Front Aging Neurosci. 2016;8:244

Authors: Brueggen K, Kasper E, Dyrba M, Bruno D, Pomara N, Ewers M, Duering M, Bürger K, Teipel SJ

Abstract
Background: The "primacy effect," i.e., increased memory recall for the first items of a series compared to the following items, is reduced in amnestic mild cognitive impairment (aMCI). Memory task-fMRI studies demonstrated that primacy recall is associated with higher activation of the hippocampus and temporo-parietal and frontal cortical regions in healthy subjects. Functional magnetic resonance imaging (fMRI) at resting state revealed that hippocampus functional connectivity (FC) with neocortical brain areas, including regions of the default mode network (DMN), is altered in aMCI. The present study aimed to investigate whether resting state fMRI FC between the hippocampus and cortical brain regions, especially the DMN, is associated with primacy recall performance in aMCI. Methods: A number of 87 aMCI patients underwent resting state fMRI and verbal episodic memory assessment.

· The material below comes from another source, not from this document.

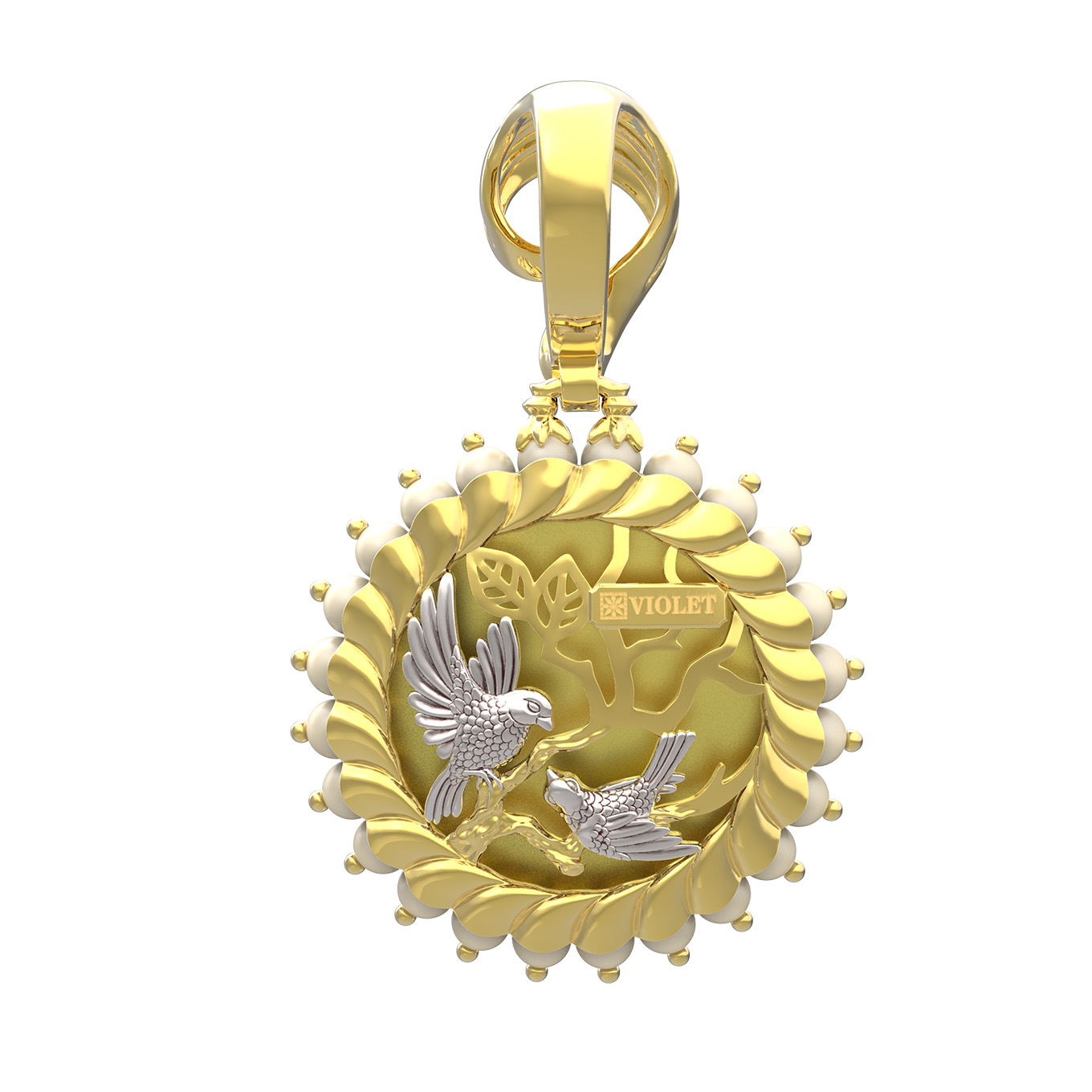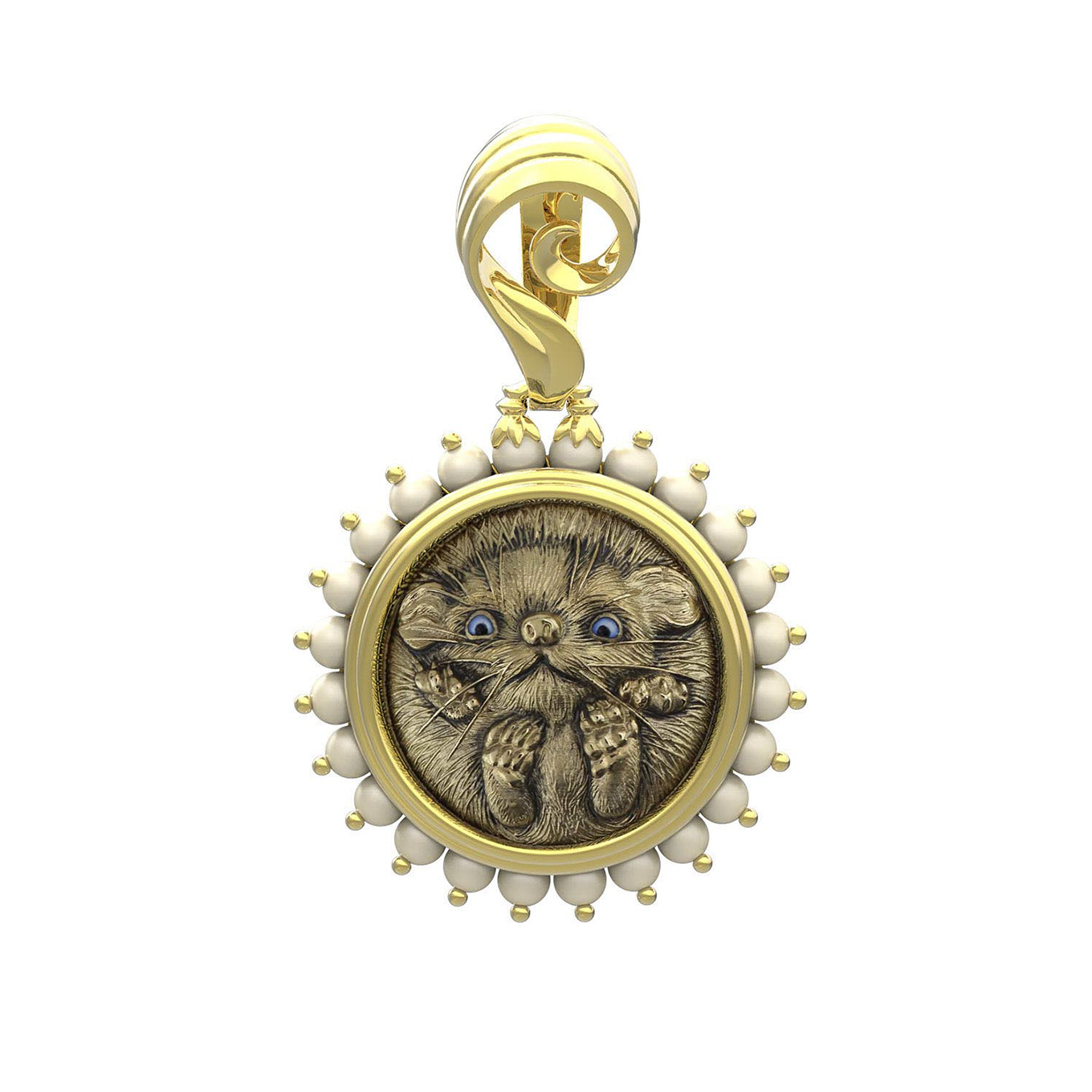 Подвеска из лимонного золота c эмалью и жемчугом

FC between the left or right hippocampus, respectively, and all other voxels in gray matter was mapped voxel-wise and used in whole-brain regression analyses, testing whether FC values predicted delayed primacy recall score. The delayed primacy score was defined as the number of the first four words recalled on the California Verbal Learning Test. Additionally, a partial least squares (PLS) analysis was performed, using DMN regions as seeds to identify the association of their functional interactions with delayed primacy recall. Results: Voxel-based analyses indicated that delayed primacy recall was mainly (positively) associated with higher FC between the left and right hippocampus. Additionally, significant associations were found for higher FC between the left hippocampus and bilateral temporal cortex, frontal cortical regions, and for higher FC between the right hippocampus and right temporal cortex, right frontal cortical regions, left medial frontal cortex and right amygdala (p < 0.01, uncorr.). PLS analysis revealed positive associations of delayed primacy recall with FC between regions of the DMN, including the left and right hippocampus, as well as middle cingulate cortex and thalamus (p < 0.04). In conclusion, in the light of decreased hippocampus function in aMCI, inter-hemispheric hippocampus FC and hippocampal FC with brain regions predominantly included in the DMN may contribute to residual primacy recall in aMCI.